Gemalto is partnering with Colorado, Idaho, Maryland, and Washington D.C. to pilot digital driver’s licenses (DDLs). Gemalto received a government grant to support these jurisdictions to pilot the development of a smartphone-based credential, and will implement an interoperable solution of a magnitude not seen before in the market. This partnership includes a two year grant from the U.S. National Institute of Standards and Technology (NIST), which spearheads the country’s National Strategy for Trusted Identities in Cyberspace, an effort dedicated to securing and protecting privacy in the digital world.
As a longstanding partner to jurisdictions across the country, Gemalto has leveraged its combined expertise in the driver’s license (DL) and identification (ID) sector, along with its strong position as a global leader in digital and mobile technology. As states and government entities shift toward digital ID strategies, the NIST funded pilot is an opportunity to set the precedent for mobile driver’s license security and frameworks moving forward.

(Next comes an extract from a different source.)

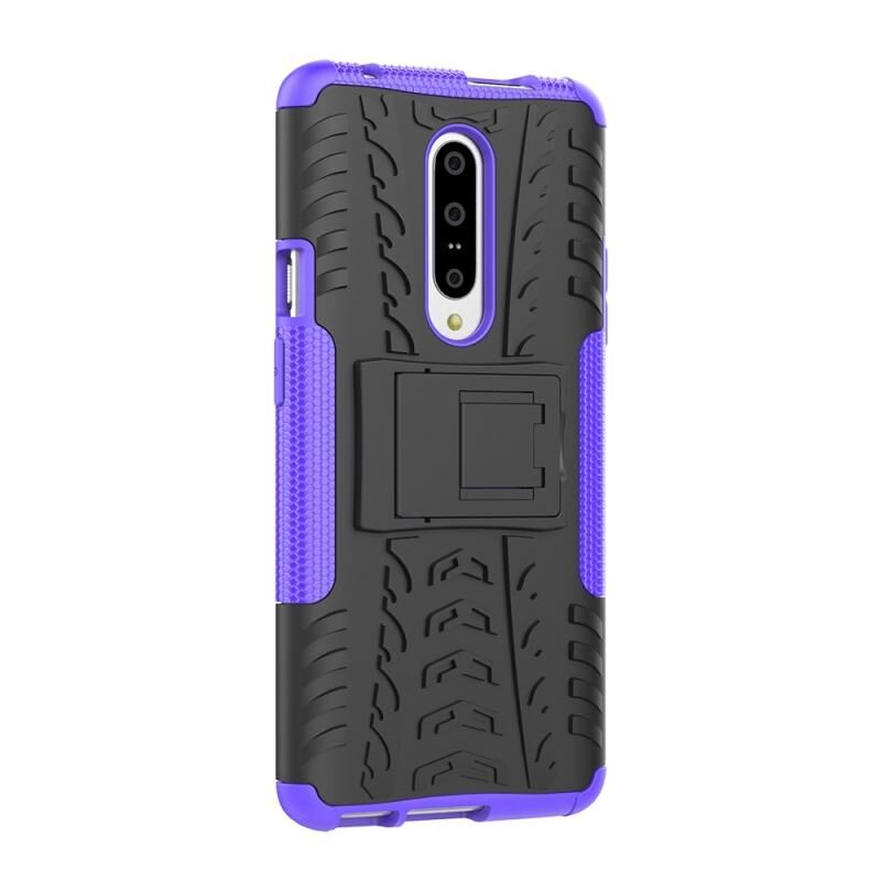 Tire Texture TPU + PC Shockproof τηλέφωνο υπόθεση για OnePlus 7, με κάτοχο (μωβ)
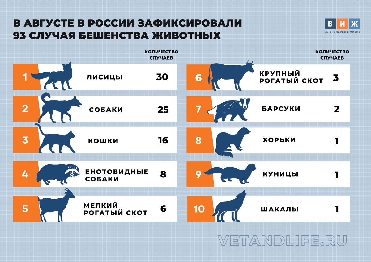 По данным информационной системы Россельхознадзора «Сирано», в августе 2023 года в нашей стране зафиксировали 93 случая бешенства среди животных. Об этом сообщили в пресс-службе Федерального центра охраны здоровья животных (ФГБУ «ВНИИЗЖ» Россельхознадзора). Больше всего случаев бешенства в августе выявили в Смоленской, Тамбовской, Свердловской, Белгородской, Воронежской, Московской, Новосибирской, Рязанской, Тюменской и Саратовской областях. Чаще всего бешенство отмечалось у лисиц – 30 случаев, собак – 25 случаев и кошек – 16 случаев. Также в прошлом месяце вирус 8 раз выявляли у енотовидных собак, 6 раз – у мелкого рогатого скота, 3 раза – у крупного рогатого скота и 2 раза – у барсуков. По 1 случаю бешенства зафиксировали у хорька, куницы и шакала. Справка «ВиЖ» Бешенство – инфекционное заболевание, вызываемое вирусом Rabies virus, опасное для животных и людей. Бешенство приводит к тяжелому поражению центральной нервной системы, характеризуется водобоязнью, светобоязнью, агрессивны

“We are pleased to engage in this multi-year pilot program designed to address the many different opportunities surrounding digital identities,” said Katerina Megas, NSTIC Pilots Program Manager at NIST. “The digital driver’s license solution Gemalto presented embodies the NSTIC1 Guiding Principles surrounding trusted identities in cyberspace. Our goal is to work with organizations to determine the best technology and implementation strategy that will maintain both citizen privacy and security.”

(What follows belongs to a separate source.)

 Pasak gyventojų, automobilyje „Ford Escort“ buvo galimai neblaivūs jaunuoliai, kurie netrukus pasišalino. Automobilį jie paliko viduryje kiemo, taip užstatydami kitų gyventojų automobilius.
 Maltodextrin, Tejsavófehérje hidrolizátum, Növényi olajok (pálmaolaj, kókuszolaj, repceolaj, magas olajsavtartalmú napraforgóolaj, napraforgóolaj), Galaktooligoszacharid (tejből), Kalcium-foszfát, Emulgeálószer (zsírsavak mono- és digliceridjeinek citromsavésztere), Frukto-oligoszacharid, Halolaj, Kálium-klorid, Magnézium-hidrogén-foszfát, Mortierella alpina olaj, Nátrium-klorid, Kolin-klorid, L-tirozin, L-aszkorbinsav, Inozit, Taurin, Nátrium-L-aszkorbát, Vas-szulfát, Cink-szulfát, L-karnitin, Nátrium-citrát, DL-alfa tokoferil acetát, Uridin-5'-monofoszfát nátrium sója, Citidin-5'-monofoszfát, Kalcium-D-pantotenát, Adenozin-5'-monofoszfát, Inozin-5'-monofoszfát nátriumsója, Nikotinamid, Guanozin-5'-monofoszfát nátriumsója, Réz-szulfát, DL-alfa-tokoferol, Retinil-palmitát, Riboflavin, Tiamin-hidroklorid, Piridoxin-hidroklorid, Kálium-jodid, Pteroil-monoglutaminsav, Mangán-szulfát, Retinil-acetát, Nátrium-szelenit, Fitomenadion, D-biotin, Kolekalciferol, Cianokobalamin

Gemalto recognizes the continued trend towards consumer mobility and digital dependence, and will guide states as they address this digital transformation with a DL option for their mobile-first citizens. This mobile movement is especially prevalent among the next generation of drivers and the massive millennial demographic. According to a 2015 Pew Research Study, 86 percent of people aged 18 to 29 have a smartphone. Issuing agencies are looking to target this group with new technology and provide a supplemental service to its existing client base to meet the needs of a diverse group of drivers.
The digital driver’s license serves as a secure, companion version of the physical ID card. The pilot will address four main use cases including enrollment, updates to the document once it’s in the field, attribute sharing and law enforcement. The mobile license will enable new security features, coupled with advanced in-field verification, as well as allow for enhanced privacy for citizens through better control of personal information.

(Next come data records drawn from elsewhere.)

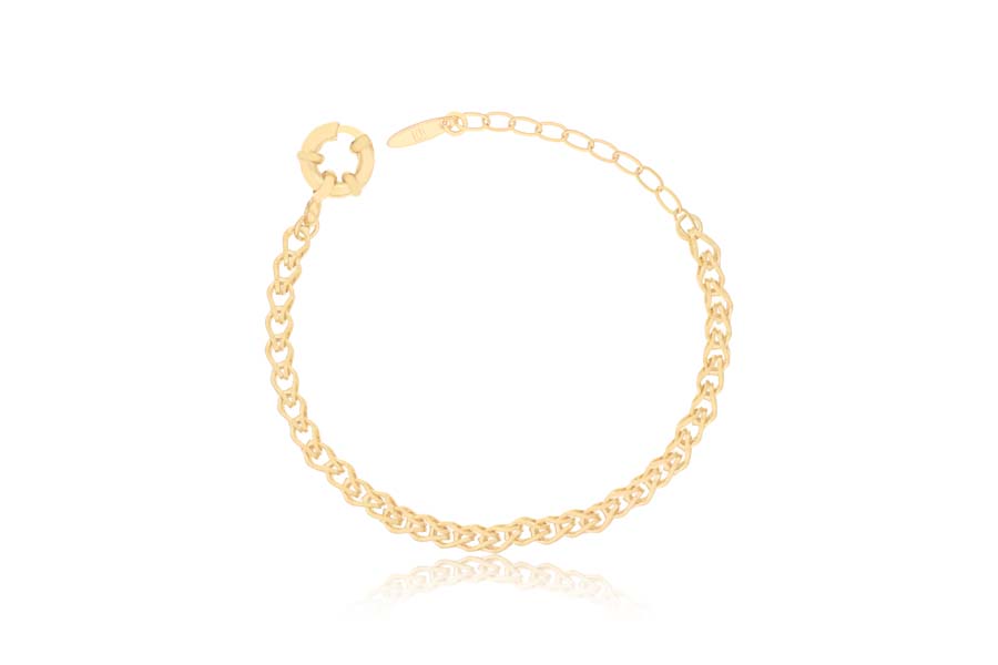 PULSEIRA BANHADA EM OURO, ELO 2,30mm LARGURA, 16cm COMPRIMENTO, EXTENSOR 5cm COMPRIMENTO E CORAÇÃO 7mm LARGURA, PARA QUALQUER COR
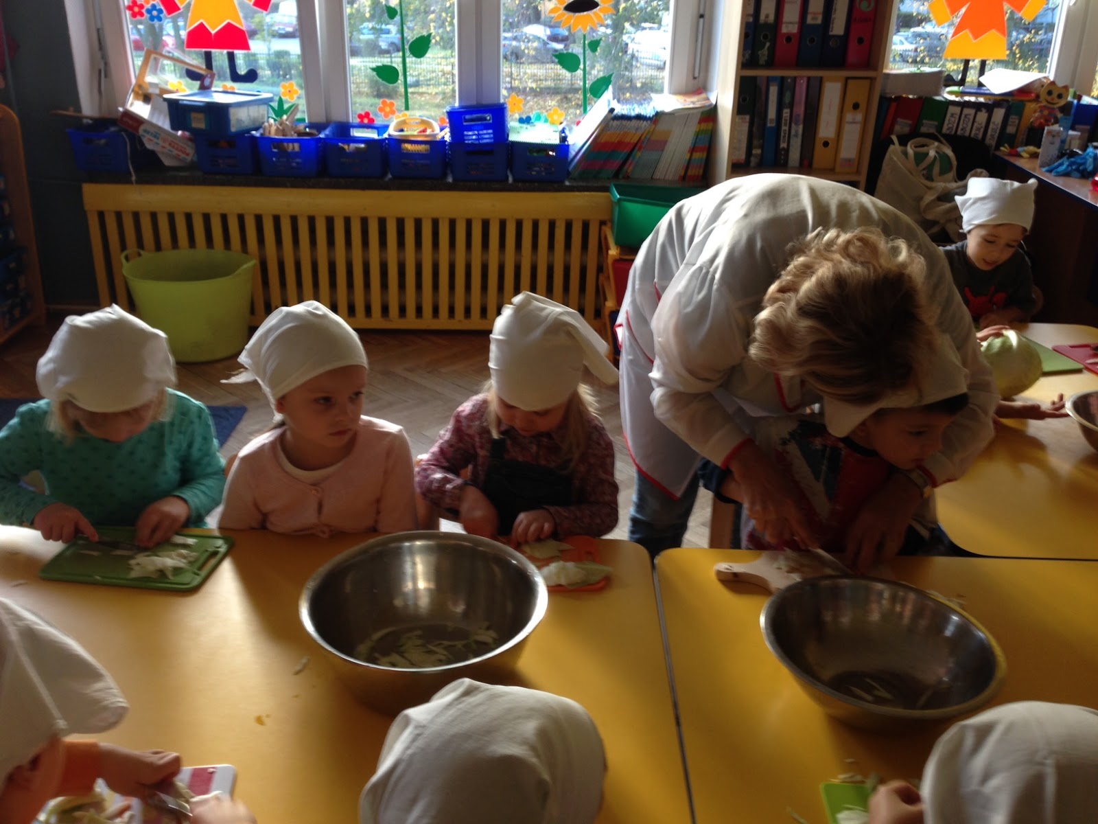 31.10.2017 r. w ramach cyklu dydaktycznego pt. " Przygotowania do zimy" postanowiliśmy własnoręcznie ukisić kapustę. Krojenie okazało się wielkim wyzwaniem, z którym poradziliśmy sobie na medal. Jednak najfajniejsze w kiszeniu było mieszanie i ubijanie kapusty. Teraz pozostało Nam tylko poczekać na efekty naszej pracy i cieszyć się smakiem zdrowej i smacznej kiszonej kapusty.
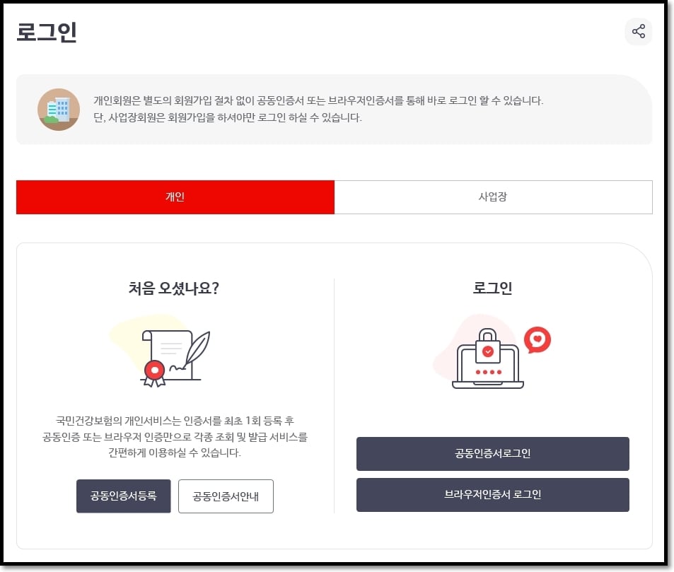 이렇게 해서 건강검진 대상자 조회방법에 대해 알아보았습니다. 여러분이 준비할 것은 공인인증서 또는 브라우저 인증서를 준비하는 것입니다.

“Gemalto understands that each jurisdiction will have unique needs and experience different challenges throughout implementation,” said Steve Purdy, VP of State Identity Programs at Gemalto. “The collaborative nature of this project will enable us to quickly identify use-case best practices and lessons learned, share those, and refine the solution in a more comprehensive and efficient way. It brings not only the ability to serve individual jurisdiction needs, but the strength of working together cooperatively with a common goal.”